-- REQUIRED WORK --
Print exactly the line that contains "Lampe de table", then every following line through the end of the material; include nothing else and no pictures.

-- RAW DATA --
__________

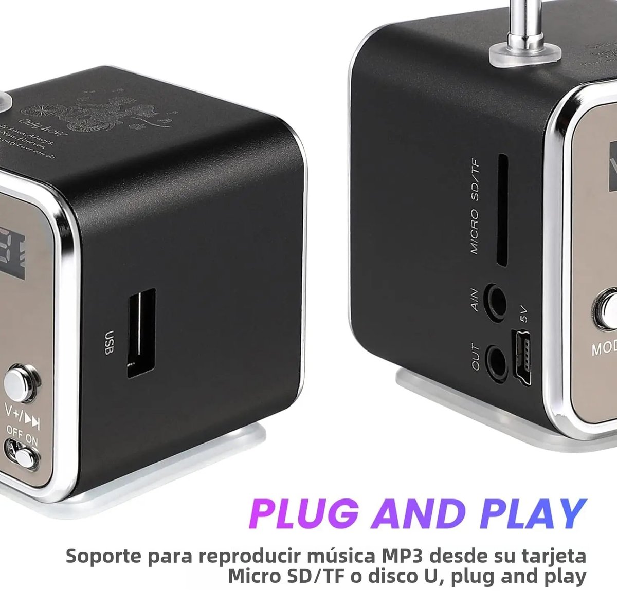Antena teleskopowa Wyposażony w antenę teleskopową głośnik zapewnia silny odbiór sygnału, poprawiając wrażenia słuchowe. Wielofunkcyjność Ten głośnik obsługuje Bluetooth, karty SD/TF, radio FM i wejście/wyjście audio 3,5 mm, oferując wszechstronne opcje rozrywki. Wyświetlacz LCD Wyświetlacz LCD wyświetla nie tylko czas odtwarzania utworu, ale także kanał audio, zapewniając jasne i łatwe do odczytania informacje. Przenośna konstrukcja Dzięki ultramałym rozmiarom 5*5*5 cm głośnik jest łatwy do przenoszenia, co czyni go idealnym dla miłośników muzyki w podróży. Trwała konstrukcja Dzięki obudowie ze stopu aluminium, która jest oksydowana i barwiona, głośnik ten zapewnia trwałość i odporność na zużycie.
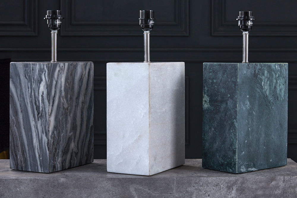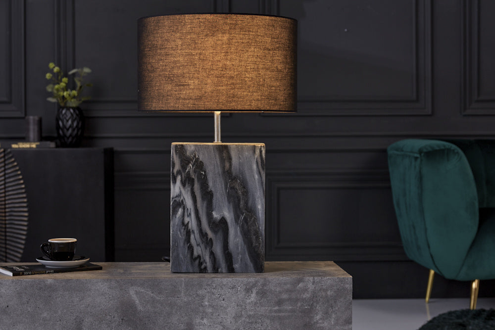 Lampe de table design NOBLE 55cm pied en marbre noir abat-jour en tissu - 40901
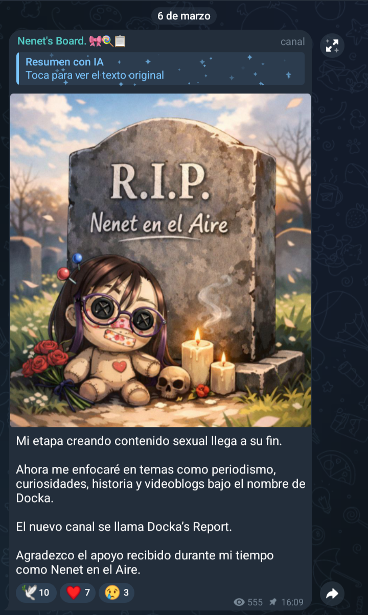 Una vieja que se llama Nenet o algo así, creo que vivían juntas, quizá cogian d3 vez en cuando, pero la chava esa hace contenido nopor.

__________

-- EXPECTED ANSWER --
 Lampe de table design NOBLE 55cm pied en marbre noir abat-jour en tissu - 40901
 Una vieja que se llama Nenet o algo así, creo que vivían juntas, quizá cogian d3 vez en cuando, pero la chava esa hace contenido nopor.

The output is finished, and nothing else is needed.